Well, if we go through it again on those, I -- you make data-driven decisions on the portfolio. We are in no rush to go through from the standpoint of timing on any of these. We'll get the right things working out from it.

Thank you for all the color.

Dr. Frost, there are no further questions at this time. I would like to turn the floor back over to you for closing comments.

Thank you.

So 2011 looks like it's going to be an important year of clinical advancement for Halozyme. Our Ultrafast Insulin program will complete three clinical studies, including three times daily treatment studies in Type I and Type II diabetes patients, and an insulin pump study in Type I patients.

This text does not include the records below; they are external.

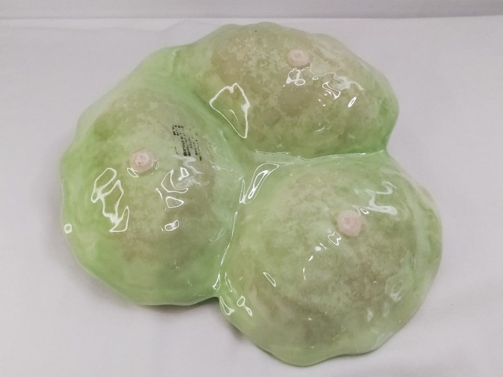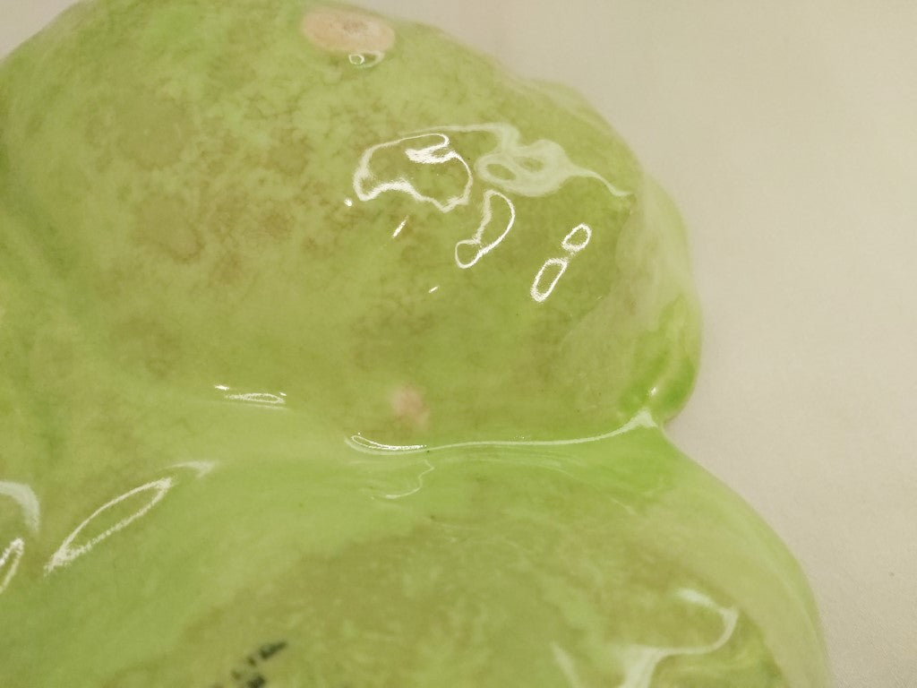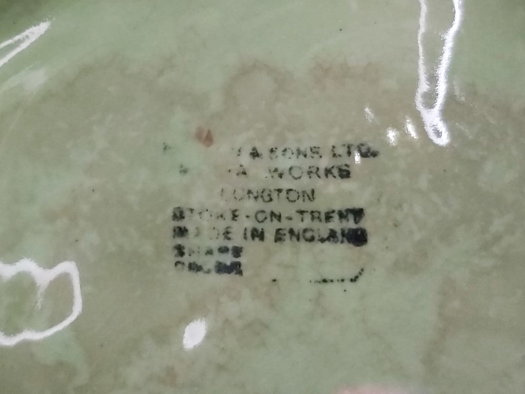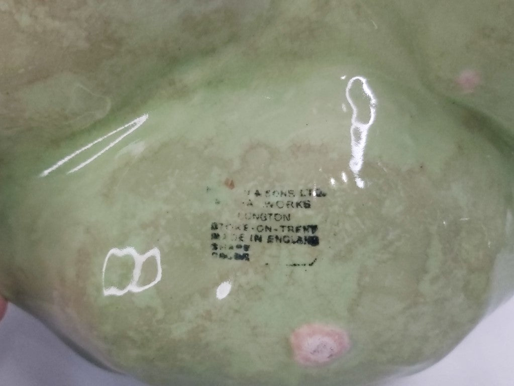 Made in Stoke on Trent, this fresh green 3 part serving dish is useful and pretty! It's in good condition with no chips or cracks, with just some typical crazing and discolouration, mostly on the underside, as expected for the age. Please refer to the photos. This piece would suit decorative use, it could be hung on a gallery wall or placed as an art piece on a shelf.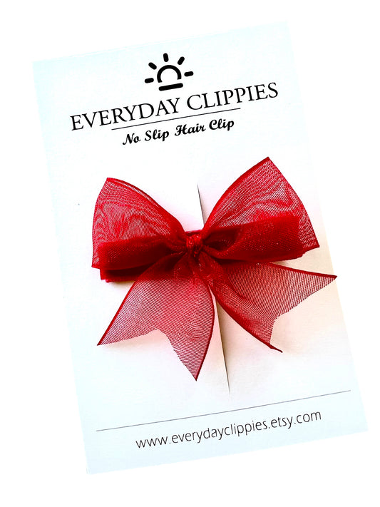 Red Organza Bow Hair Clip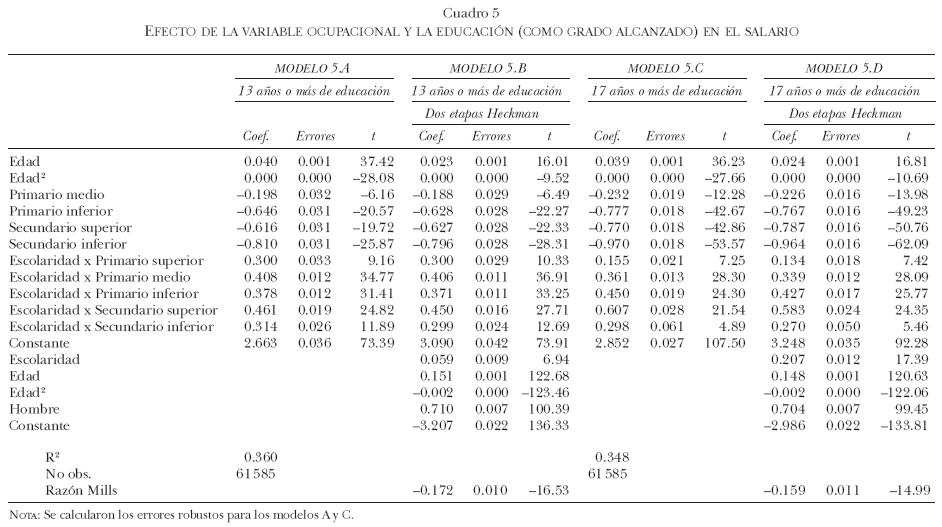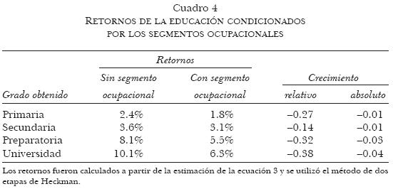 Como ya se señaló, los resultados pudieran estar condicionados al supuesto de que el efecto en los años de educación es acumulativo y que al considerar grados obtenidos podrían obtenerse hallazgos diferentes. Para analizar esta posibilidad, en el cuadro 4 presentamos las estimaciones de los retornos a la educación por "grado obtenido" a partir de la estimación de la ecuación 3 por el método de dos etapas de Heckman.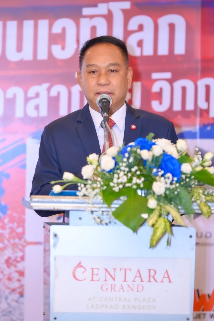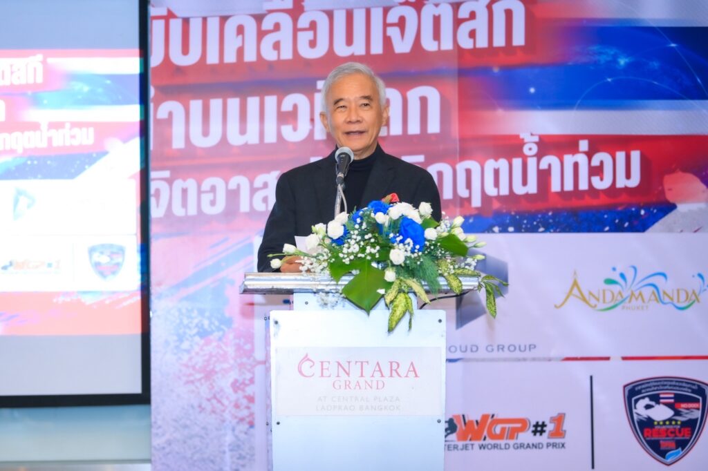 นายสุวัจน์ ลิปตพัลลภ อดีตรองนายกรัฐมนตรี และประธานที่ปรึกษา กล่าวว่า “ผมได้เห็นการเติบโตที่น่าทึ่งของสมาคมกีฬาเจ็ตสกีแห่งประเทศไทยฯ ที่มีแนวคิดในการส่งเสริมการสร้างแบรนด์ทัวร์นาเม้นท์กีฬาเจ็ตสกีอาชีพของไทย ออกไปแข่งขันบนเวทีโลก กับชาวต่างชาติ และกำลังประสบความสำเร็จในการเป็นผู้นำบนเวทีโลก เป็นสิ่งที่น่าชื่นชมอย่างยิ่ง ที่สำคัญได้สร้างประโยชน์ด้านมูลค่าทางเศรษฐกิจ โดยนำนักกีฬาทั่วโลก เข้ามาแข่งขันในประเทศไทยทุกปีเดือนธันวาคม ปีล่าสุด สร้างเงินหมุนเวียนทางเศรษฐกิจ ซึ่งวิเคราะห์ผลกระทบทางเศรษฐกิจอย่างเป็นทางการ โดยมหาวิทยาลัยกีฬาแห่งชาติกว่า 650 ล้านบาท ในทัวร์นาเม้นท์เวิลด์คัพ ที่พัทยา คำถามคือคนไทยขึ้นไปเป็นผู้นำโลกได้อย่างไร และภาครัฐควรให้การสนับสนุนต่อยอดอย่างไร ในเมื่อแบรนด์กีฬาไทย พัฒนาตัวเองจนขึ้นไปเป็นผู้นำประเทศสมาชิกทั่วโลก 55 ชาติ สร้างโอกาสขยายตัวอย่างต่อเนื่อง ยังไม่รวมกับประโยชน์ของระบบเศรษฐกิจห่วงโซ่ในกีฬาอาชีพ ที่จะสร้างเม็ดเงินและงานประชาสัมพันธ์อีกหลายเท่าตัว และอีกหนึ่งสิ่งที่ผมชื่นชมเป็นอย่างยิ่ง คือการที่สมาคมฯ ไม่ได้หยุดอยู่เพียงมิติของการแข่งขันกีฬาแต่ยังมีบทบาทสำคัญในด้านสังคม โดยเฉพาะการลงพื้นที่ช่วยเหลือผู้ประสบภัยน้ำท่วมในช่วงปลายปีที่ผ่านมา ซึ่งได้รับเสียงชื่นชมจากทั่วประเทศ จนเกิดเป็น ‘โครงการอาสากู้ภัยและดูแลสิ่งแวดล้อมทางน้ำ’ ที่เกิดจากความร่วมมือระหว่างสมาคมฯ และกลุ่มบริษัทพราว ถือเป็นอีกหนึ่งก้าวสำคัญของการนำนวัตกรรมและพลังของภาคเอกชนมาสนับสนุนระบบกู้ภัยของประเทศ พร้อมสร้างเครือข่ายอาสาสมัครที่มีความพร้อมทั้งทักษะ ความเสียสละ และจิตอาสา ในฐานะที่ปรึกษาโครงการ ผมเห็นว่าความร่วมมือนี้ไม่เพียงแต่ตอบสนองต่อเหตุการณ์ฉุกเฉินทางน้ำได้อย่างทันท่วงทีแต่ยังเป็นต้นแบบของการเชื่อมโยง ‘กีฬา สิ่งแวดล้อม และเยาวชน’ เข้าไว้ด้วยกันอย่างยั่งยืน ซึ่งสอดคล้องกับแนวทางการพัฒนาประเทศในระยะยาวได้อย่างน่าภาคภูมิใจ”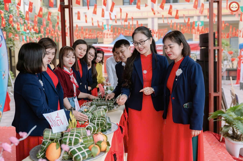 Thầy Cô giáo vui mừng khi tham gia chương trình ngày hội trải nghiệm Xuân Yêu thương, và chấm thi các sản phẩm gói bánh chưng của các khối học sinh.
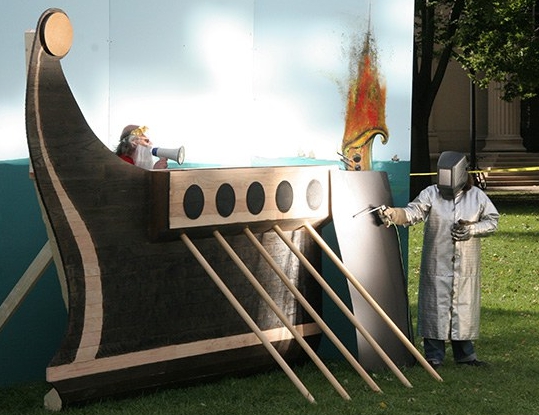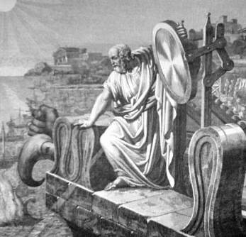 หนึ่งในอาวุธนั้นคือ กระจกรวมแสงที่ทำลายเรือฝ่ายศัตรูด้วยไฟ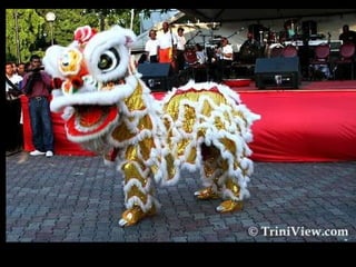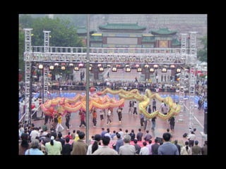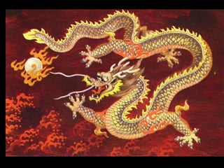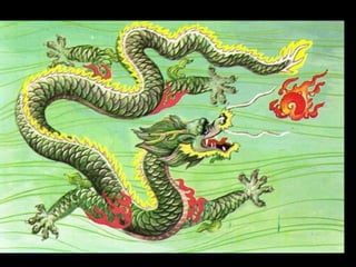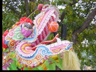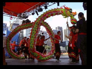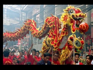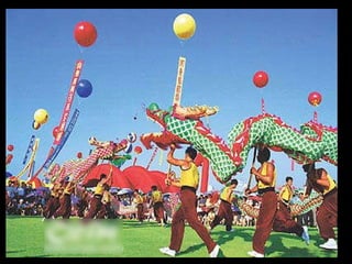 Chinese New Year is one of the most important holidays in China, celebrated for 15 days based on the lunar calendar. Decorations often feature red colors, cherry blossoms, and sunflowers to symbolize prosperity, luck, and a good new year. A significant festivity is the dragon dance, where a large puppet dragon is paraded through the streets with help from puppeteers. Dragons are highly symbolic in Chinese culture and represent qualities like good luck, power, wisdom, and kindness that people hope to possess in the new year. Chinese dragons have four claws, no wings but can fly, and are covered in scales rather than being viewed as evil like some Western dragons.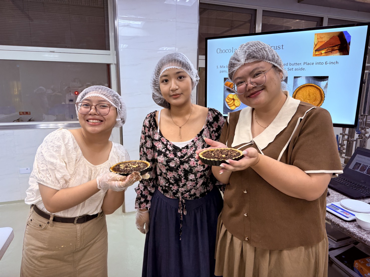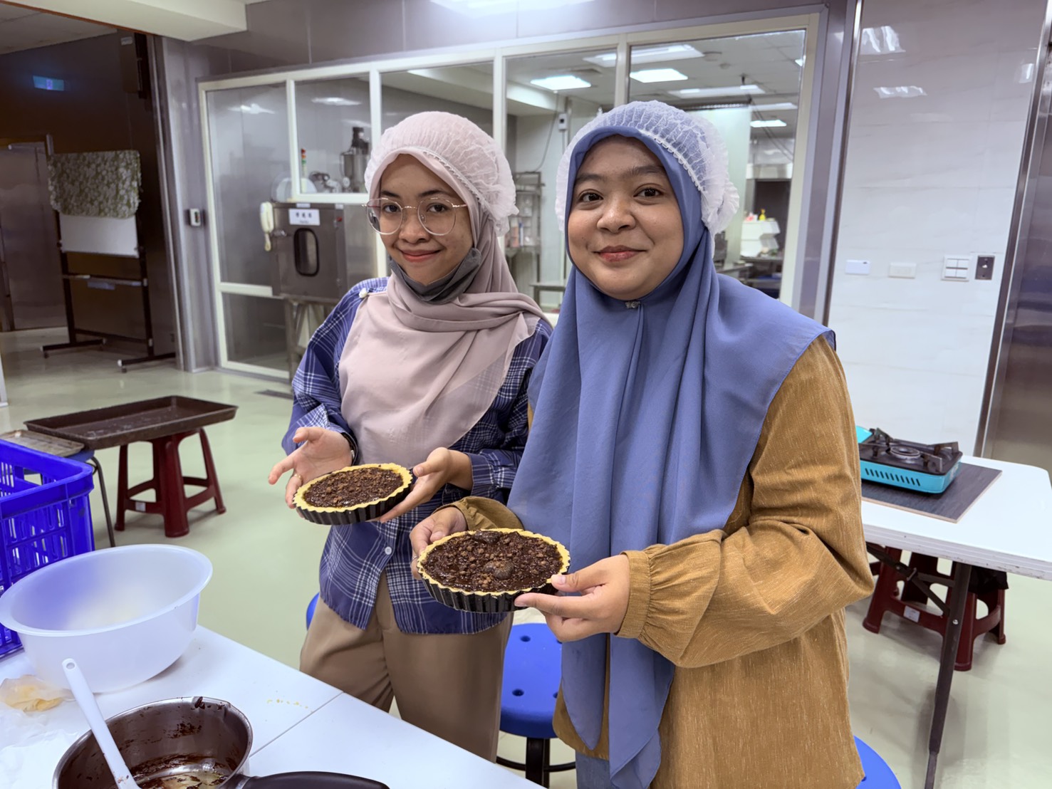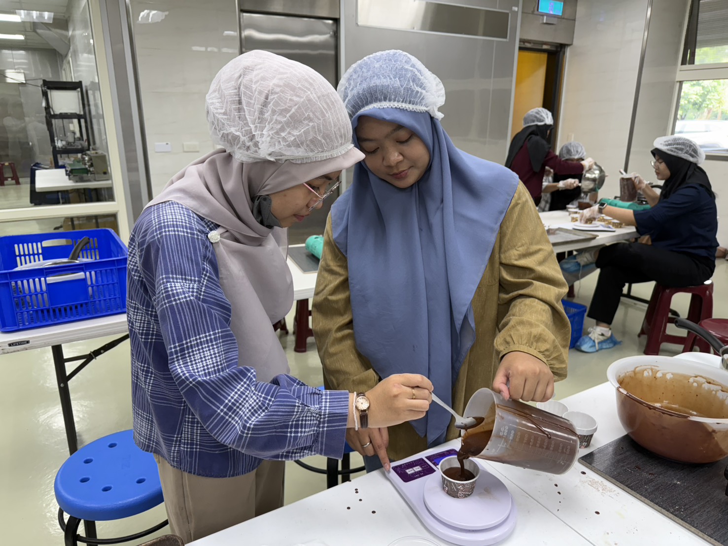On October 14th, the OIA brought the students to the campus’s Simulated GMP Food Production Line. While there, Director Shyang-Chwen Sheu of NPUST’s Center for Innovative Food Technology and Assistant Professor Chi-Hung Lin led an activity designed to let students experience the complete food production process: from ingredient preparation and mixing to baking and packaging. By making chocolate pies and chocolate cupcakes, the students gained insights into food processing hygiene and quality control standards. They also developed a solid understanding of Taiwan’s food manufacturing technology and GMP guidelines.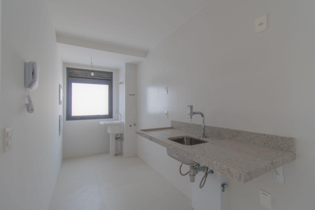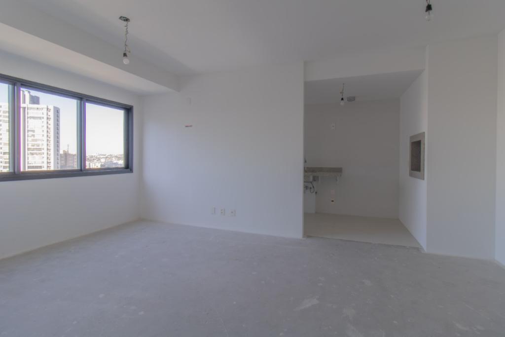 Leandro Cidade. Float Residences - Apartamento de 67m², dois dormitórios (sendo uma suíte), banheiro social, living, cozinha com churrasqueira, sacada e uma vaga de garagem coberta.
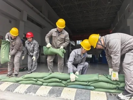 青狮潭公司在思安江水电站开展水淹厂房应急处置专项演练,演练模拟河道水位超警戒、厂房面临进水风险的实战场景。抢险人员快速构筑防水沙袋屏障、启动抽水泵强排积水、切断危险区域电源、对重要设备进行防水防护。演练全程紧张有序、响应迅速,有效检验预案实用性,提升人员应急实操与协同处置能力,为电站安全度汛奠定坚实基础。

Halozyme expanded the PEGPH20 cancer program with two ongoing Phase I clinical trials and is continuing plans underway to initiate the randomized Phase II trial in pancreatic cancer during the second half of this year. Our HTI-501 program is also expected to enter a proof of concept human study during the third quarter as well. So we are moving forward with what we believe will be also a resolution for the HYLENEX manufacturing problem and if additional data we're gathering provides the answers that will be satisfactory to the agency, we plan to have the product back on the market by the end of this year.

So Baxter's Phase III registration study for subcutaneous HyQ with rHuPH20 has also been completed, and they plan to file their BLA during the second half of this year. Patient enrollment for Roche's Phase III registration trial for Herceptin subcutaneous has been completed, and the Phase III for MabThera subcutaneous is underway. Based on Roche's statements, we expect to see data from the Phase III Herceptin sub-Q trial by the end of this year, and both products are expected to file in the EU during 2012. So, I believe late-stage clinical and regulatory activity is paving the way for three product introductions by our partners -- HyQ, Herceptin SC, and MabThera -- during 2012 and 2013. We are fortunate to have numerous product opportunities in various stages of development, and it looks like we have another busy year ahead of us. So we look forward to updating you again on our progress. Next week, we'll be presenting at Barclays Global Healthcare Conference in Miami on Wednesday, March 16, and I hope to see some of you there. Again, thank you for your interest in Halozyme, for your participation in today's call. Take care everyone.

This concludes today's teleconference. You may disconnect your lines at this time. Thank you for your participation.